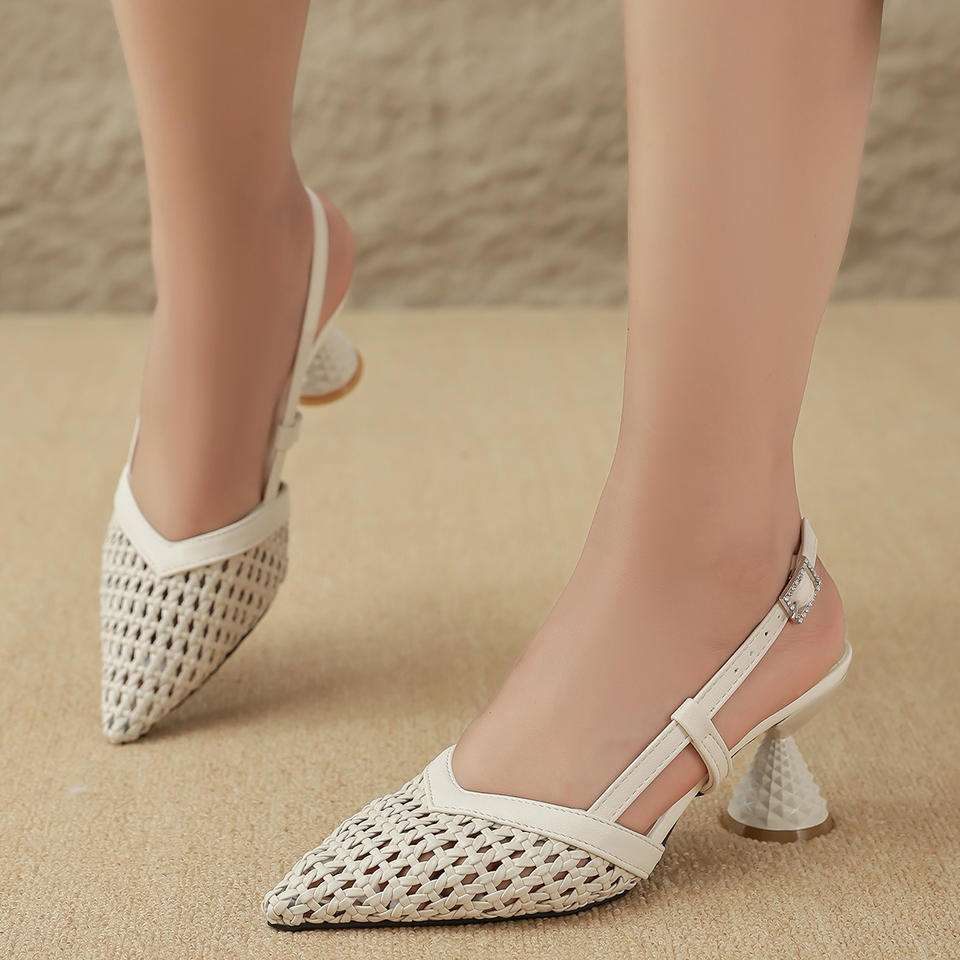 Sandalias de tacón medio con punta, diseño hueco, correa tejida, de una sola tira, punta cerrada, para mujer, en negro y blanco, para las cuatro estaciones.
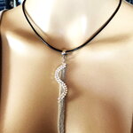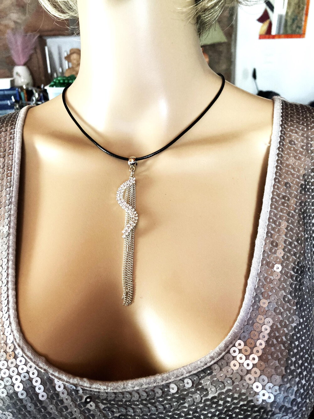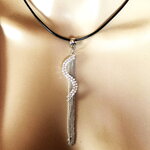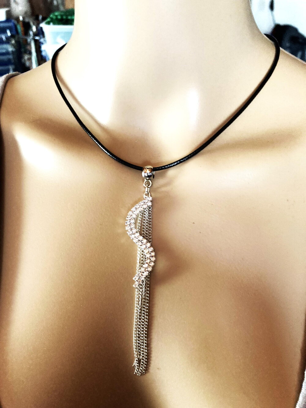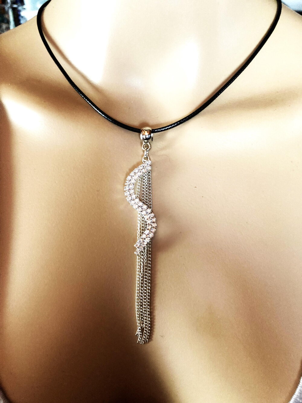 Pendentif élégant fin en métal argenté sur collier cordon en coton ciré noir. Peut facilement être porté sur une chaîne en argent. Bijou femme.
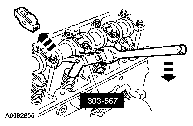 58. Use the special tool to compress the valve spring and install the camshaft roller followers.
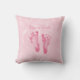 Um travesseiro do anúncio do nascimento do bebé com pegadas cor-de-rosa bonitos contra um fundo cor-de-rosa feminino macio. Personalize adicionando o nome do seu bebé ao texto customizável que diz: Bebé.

_ _ _ _

## [DESCRIPTION OF THE TASK]
Transcribe exactly the line containing "Pendentif élégant fin" and every line after it through the end of the listing above; pictures are not part of the copy.

## [YOUR SOLUTION]
 Pendentif élégant fin en métal argenté sur collier cordon en coton ciré noir. Peut facilement être porté sur une chaîne en argent. Bijou femme.
 58. Use the special tool to compress the valve spring and install the camshaft roller followers.
 Um travesseiro do anúncio do nascimento do bebé com pegadas cor-de-rosa bonitos contra um fundo cor-de-rosa feminino macio. Personalize adicionando o nome do seu bebé ao texto customizável que diz: Bebé.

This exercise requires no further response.